Peripheral blood samples from SLE patients and controls were collected in ethylene diamine tetra-acetic acid (EDTA)containing tubes as anticoagulant. BLyS-FITC (eBiosciences) and IFNRA1-PE (R&D Systems) expression was simultaneously quantified on monocytes, B cells, and neutrophils. Monocytes and B cells were identified by expression of CD14-APC-Cy7 (BioLegend), or CD19-CF-Blue (Immunostep), respectively, while neutrophils were identified according to their distinctive forward and side-scatter signals, as previously described (2) . To quantify activated CD4 + T-cell subsets (no-Treg CD25 + ), blood samples were stained with anti-CD4-APC-Cy7, anti-CD25-FITC, and anti-CD127-PE-Cy7 antibodies (all from eBiosciences). Afterward, blood samples were lysed with 2 ml of BD Lysing Solution (BD Biosciences) for 5 min and washed twice with PBS. Then, cells were fixed, permeabilized and intracellularly stained with anti-FOXP3-PE (Foxp3/transcription factor staining buffer set; eBiosciences) to determine the Treg population. The amount of Treg cells was subtracted from the total CD25 + CD4 + to obtain activated CD4 + T-lymphocytes. Circulating senescent T-cells (CD4 + CD28 null ) were identified by staining with anti-CD3-PerCP-Cy5.5 (Tonbo Biosciences), anti-CD4-Pacific-Blue (Immunostep), anti-CD25-PE (Immunostep), and anti-CD28-APC-Cy7 (BD Biosciences) antibodies. Isotype fluorochromematched control antibodies (eBioscence, USA) were used as negative controls for the cytometry analysis. Cells were stained for 30 min at 4 • C with the appropriate monoclonal antibody, washed twice and re-suspended in PBS. Acquisition of 30,000-200,000 events/tube was performed using a FACS Canto II flow cytometer (BD). The analysis was based on cells located the area of dots termed "the living region" which was defined using forward and side scatter. Samples were subsequently analyzed using FlowJo software (Scripps Research Institute). Results were expressed as the percentage of positive cells or MFI.

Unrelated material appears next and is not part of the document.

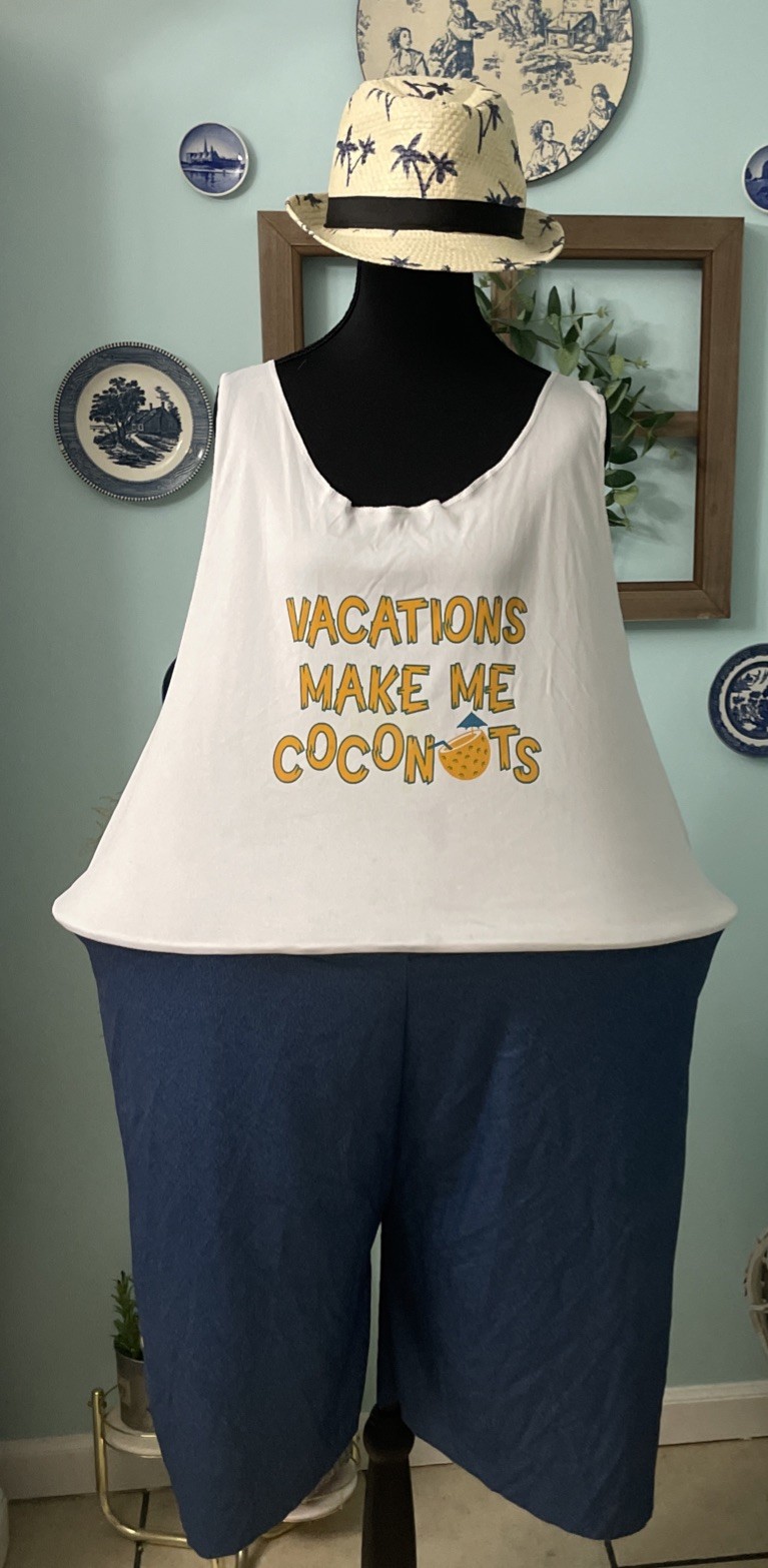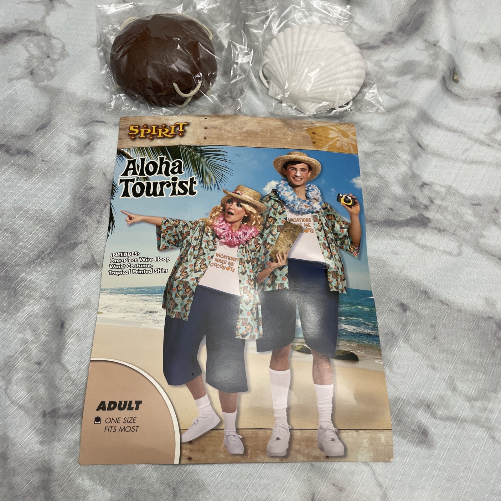 Aloha Tourist Costume Adult W/ Coconut/ Shell Plastic Bra, Hat, Lei 6,pc Set

Serum samples from patients and controls were maintained at −80 • C until cytokine determinations. IFNα, IL-17A, IL-10, IL-6, CCL3 (MIP-1α), and CCL5 (RANTES) concentrations were quantified by Cytometric Bead Arrays Flex Set by using a FACS Canto II flow cytometer (BD) and following the manufacturer's instructions. For IL-10 and IL-6, an Enhanced Sensitivity Flex Set was used. Finally, ELISA kits were used for the quantification of TNFα, CCL2 (MCP-1), CXCL10 (IP-10) (Mini kit, PeproTech), IFNγ (OptEIA kit, BD) and BLyS (Human BAFF Instant ELISA, eBioscience) following the manufacturer's instructions. The lower limits of detection were 1.25 pg/ml for IFNα, 0.30 pg/ml for IL-17A, 0.014 pg/ml for IL-10 and IL-6, 0.20 pg/ml for CCL3, 0.002 pg/ml for CCL5, 3.90 pg/ml for TNFα, 8.00 pg/ml for CCL2, 16.00 pg/ml for CXCL10, 0.58 pg/ml for IFNγ, and 0.13 ng/ml for BLyS.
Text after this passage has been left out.